Essentially you have two choices here. The first method is to write a macro or a user defined function (UDF) to run through your prior purchases and sales, and figure out the cost of sale of the items in question. The second way is to write a normal spreadsheet formula to do this i.e., without any background code. The latter approach is better for people who don’t like enabling macros or who aren’t comfortable with UDFs. The downside though is that you need a couple of calculation columns. Oh, and the formula is a monster!

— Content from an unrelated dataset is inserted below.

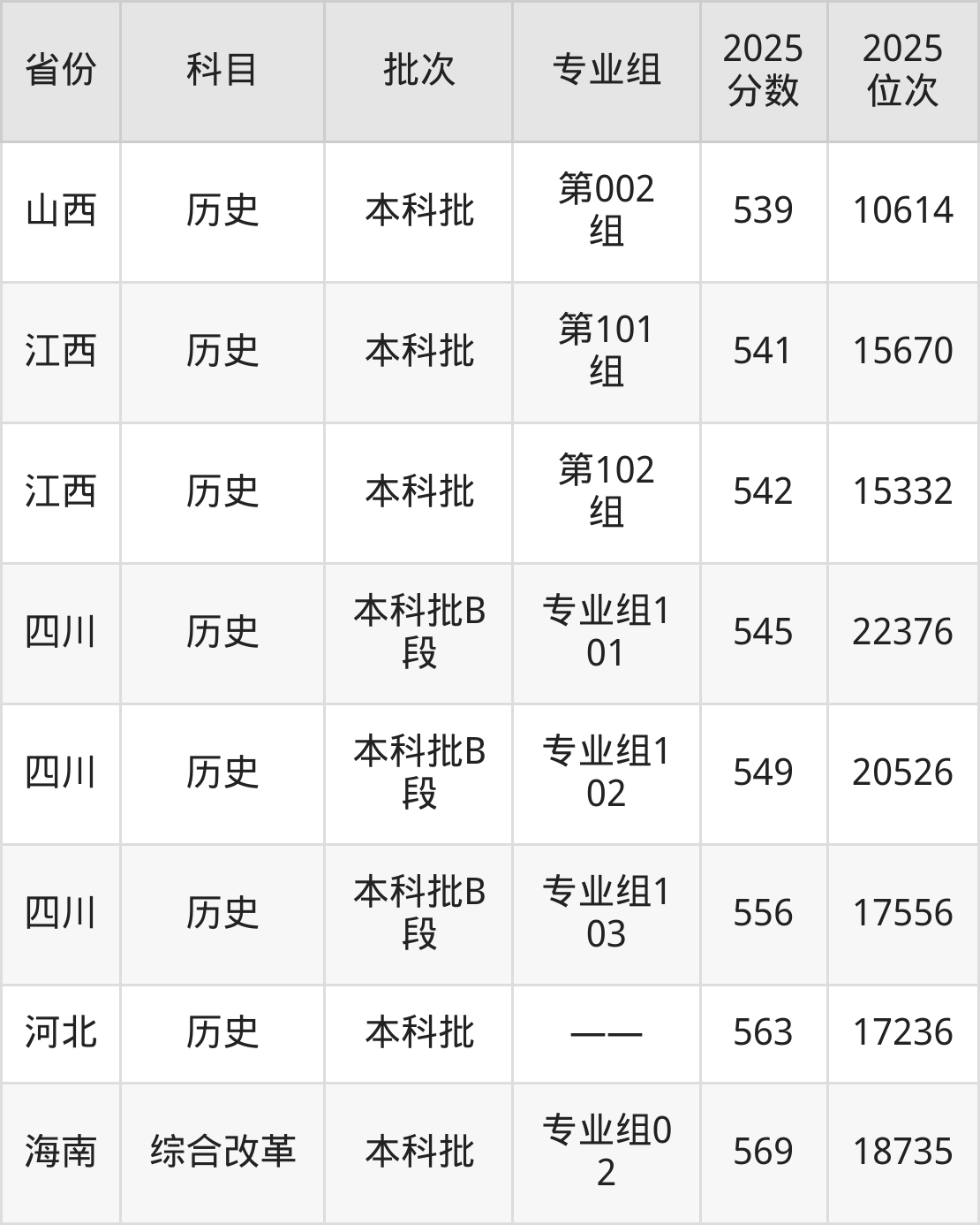 最高录取分数线是563分,对应位次是17236名,招生地区为河北。

Let’s take a look at how you can do this.
Before writing any complex formula you need to have a picture in your mind as to how you want the formula to work. In this case, we said to ourselves–for each sale row, let’s try and figure out the costs of sale for all sales to date. We thought that if we could figure this out, then we would be able to simply subtract all the previous costs of sale, to get the actual cost of sale for the row in question. With this in mind, we realised that we’d need to keep running totals of the quantity purchased and total purchase costs, so we created two new columns to contain these calculations.
Now comes the fun part. We need to write a formula that does the following things:
- Searches through the cumulative buy quantities to date (column E) and figures out the highest number that is LESS THAN the cumulative quantity sold to date, and return the corresponding cumulative buy cost to date (column F). (We need the full amount of this bucket of costs.)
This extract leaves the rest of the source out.